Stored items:
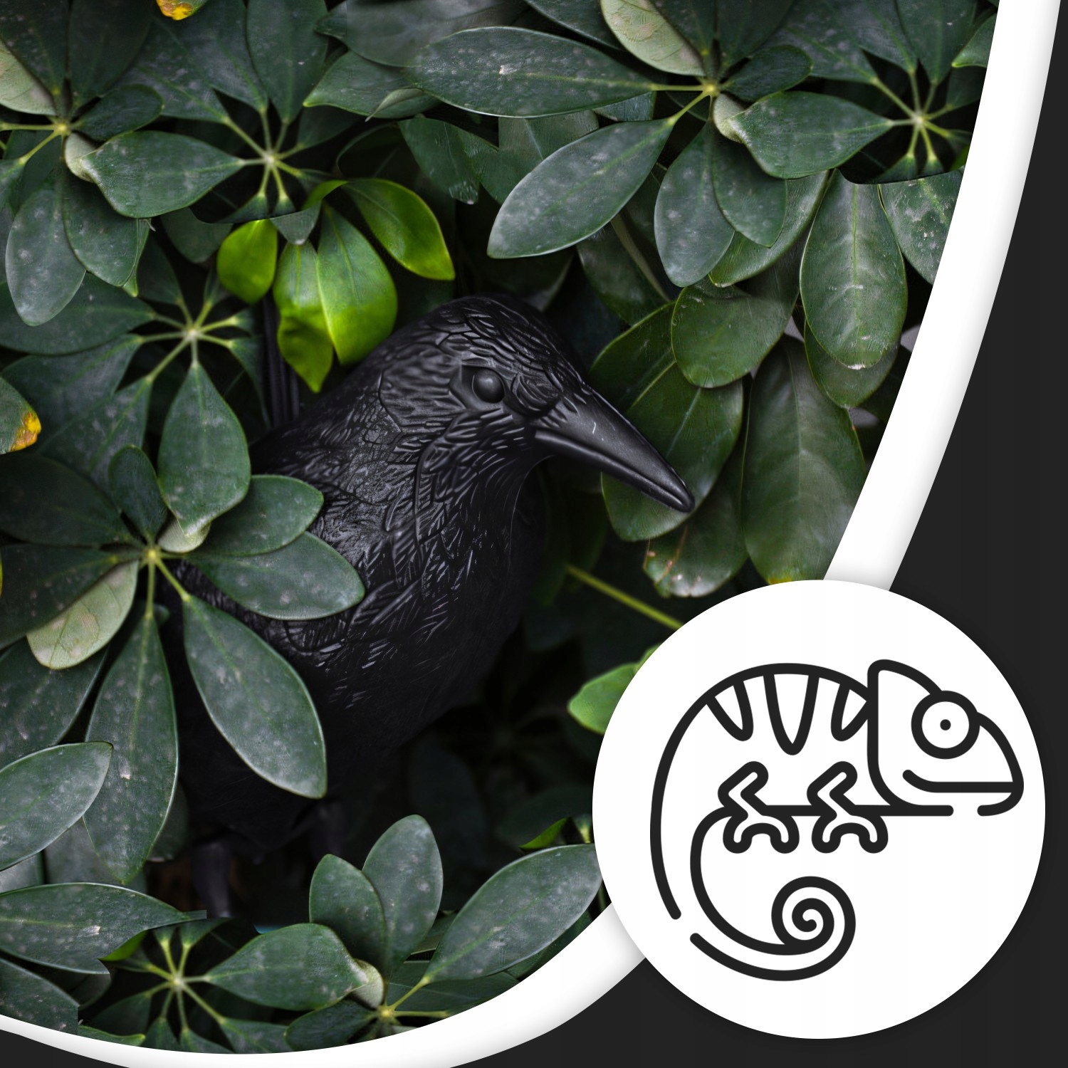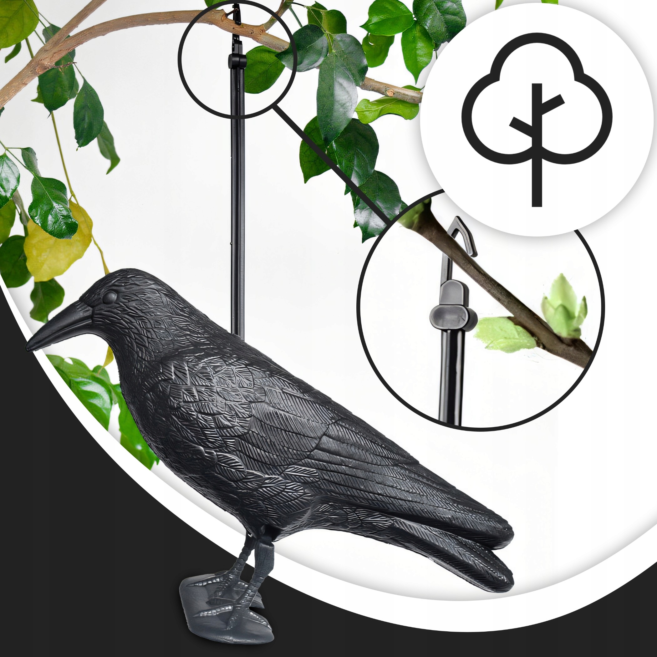 Dzięki swoim realistycznym wymiarom oraz wykorzystaniu modelu kruka, ta figura pełni funkcję nie tylko dekoracyjną, ale również skutecznego odstraszacza dla innych zwierząt oraz szkodników.
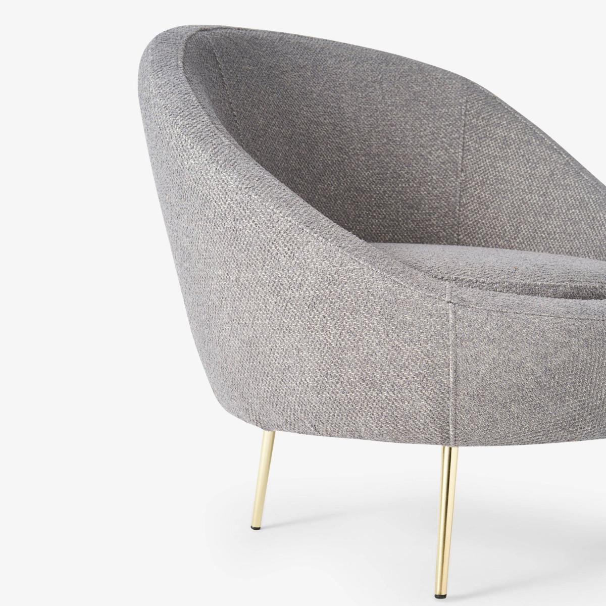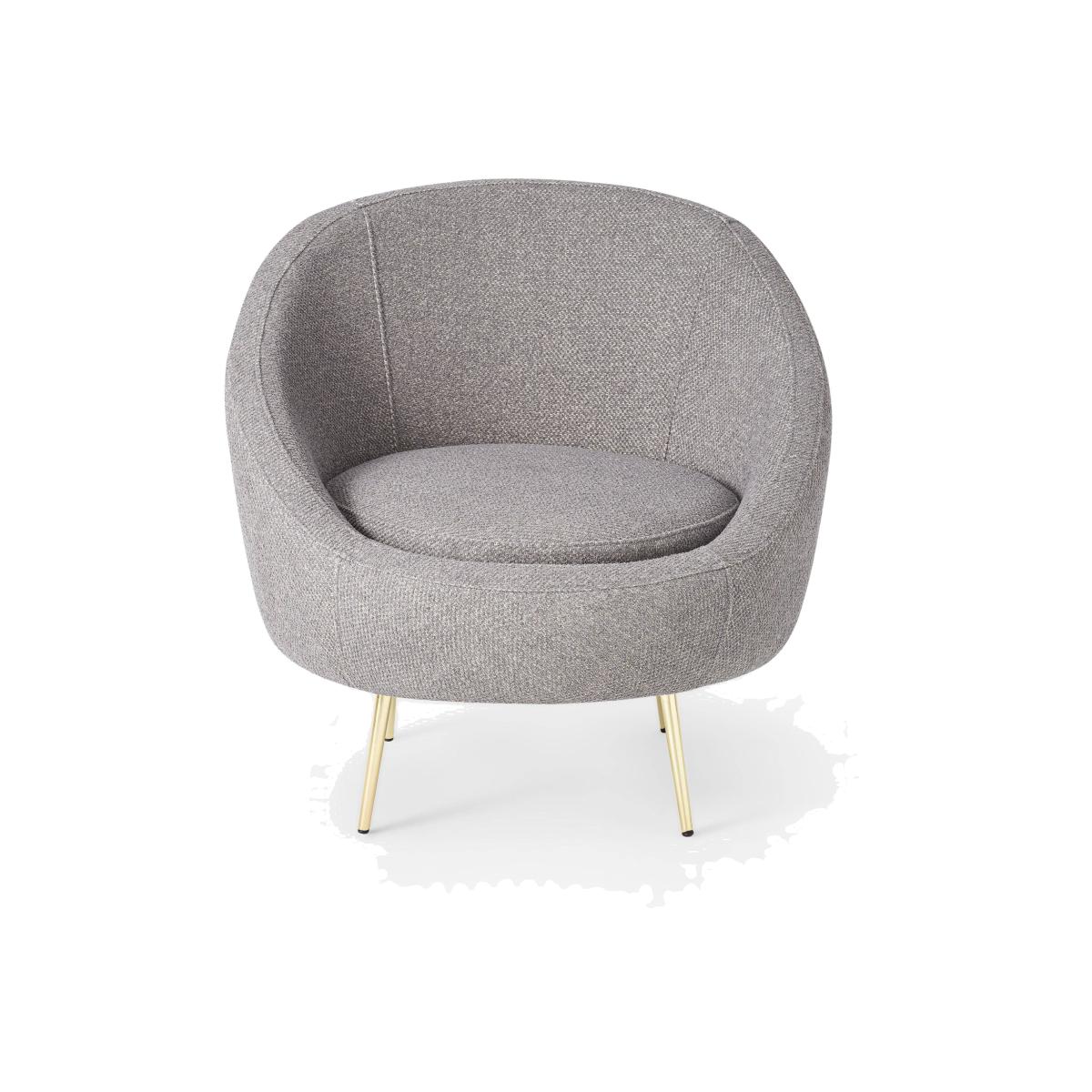 Create a serene cocoonish nook with our Doro accent tub chair. Sleek yet welcoming, Doro's sumptuous lines take comfort to an elegant level in your living space. This curved tub boasts brushed brass stiletto legs and neutral cotton upholstery that add a touch of elegance. Available in a calm green, serene cream, or subtle grey, these harmonious shades complete its minimalist-meets-retro look. Doro is perfect as a matching pair, elevating any living room with its double charm.
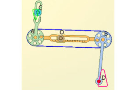 Cơ cấu thanh của pantograph thông dụng được thay bởi bộ truyền đai (đai răng thì tốt hơn). Puli xanh và lục có cùng đường kính. COD: đường thẳng AC
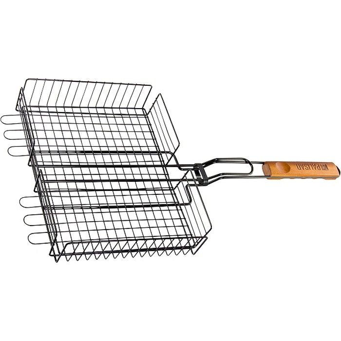 Объемная решетка гриль Palisad Camping 69552 размером 260 х 320 х 65 мм, с антипригарным покрытием, повышает удобство приготовления еды в мангале. Благодаря объемной конструкции решетку можно регулировать по высоте для качественного приготовления крупных кусков рыбы, мяса и даже целой тушки курицы без вытекания сока. ПреимуществаНадежность и высокий ресурс — решетка выполнена из жаропрочной стали высокого качества. Антипригарное покрытие — продукты не прилипают к решетке. Толстое кольцо-фиксатор — во время переворачивания решетки содержимое не выпадает. Увеличенные опорные стержни — в ходе готовки рабочая площадь решетки используется полностью. Комфортное использование — деревянная эргономичная рукоятка удобно лежит в руке.
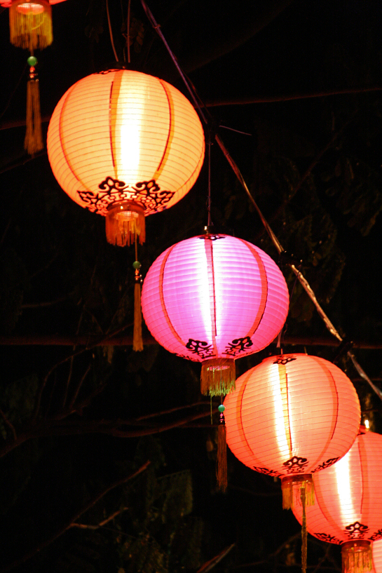 decorative chinese lantern lampshades over a road near segambut in celebration of the year of the (water) dragon of the chinese new year today. it’s a mini warzone here with the bombardments of heavy sounds from firecrackers throughout the night! kuala lumpur january 2012.
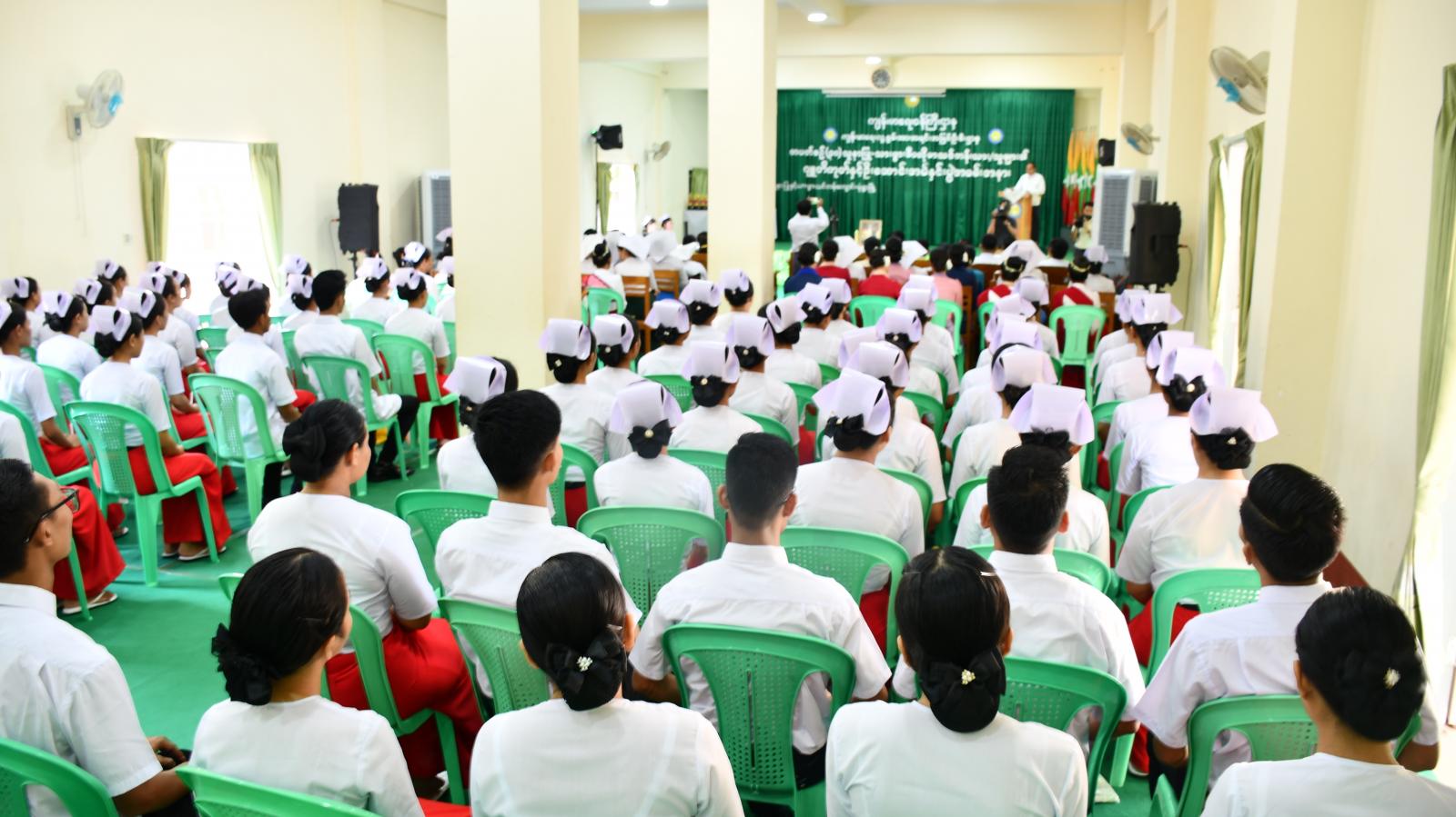 ထို့နောက် မုံရွာ-သူနာပြုနှင့် သားဖွားသင်တန်းကျောင်းမှ ကျောင်းအုပ်ဆရာမကြီးနှင့် တာဝန်ရှိ သူများက သူနာပြုသားဖွားဒီပလိုမာ(ပထမ)နှစ် သင်တန်းသား/သူများအား ဂျူတီကုတ် နှင့် ဦးဆောင်းများ အပ်နှင်းကြပြီး သင်တန်းသား/သူများက သူနာပြုသစ္စာအဓိဌာန်ရွတ်ဆိုကြသည်။

What is needed » A verbatim copy is needed of the lines running from the line with "Объемная решетка гриль" to the end of the data above, both included. Keep the pictures out of it.

Written response »
 Объемная решетка гриль Palisad Camping 69552 размером 260 х 320 х 65 мм, с антипригарным покрытием, повышает удобство приготовления еды в мангале. Благодаря объемной конструкции решетку можно регулировать по высоте для качественного приготовления крупных кусков рыбы, мяса и даже целой тушки курицы без вытекания сока. ПреимуществаНадежность и высокий ресурс — решетка выполнена из жаропрочной стали высокого качества. Антипригарное покрытие — продукты не прилипают к решетке. Толстое кольцо-фиксатор — во время переворачивания решетки содержимое не выпадает. Увеличенные опорные стержни — в ходе готовки рабочая площадь решетки используется полностью. Комфортное использование — деревянная эргономичная рукоятка удобно лежит в руке.
 decorative chinese lantern lampshades over a road near segambut in celebration of the year of the (water) dragon of the chinese new year today. it’s a mini warzone here with the bombardments of heavy sounds from firecrackers throughout the night! kuala lumpur january 2012.
 ထို့နောက် မုံရွာ-သူနာပြုနှင့် သားဖွားသင်တန်းကျောင်းမှ ကျောင်းအုပ်ဆရာမကြီးနှင့် တာဝန်ရှိ သူများက သူနာပြုသားဖွားဒီပလိုမာ(ပထမ)နှစ် သင်တန်းသား/သူများအား ဂျူတီကုတ် နှင့် ဦးဆောင်းများ အပ်နှင်းကြပြီး သင်တန်းသား/သူများက သူနာပြုသစ္စာအဓိဌာန်ရွတ်ဆိုကြသည်။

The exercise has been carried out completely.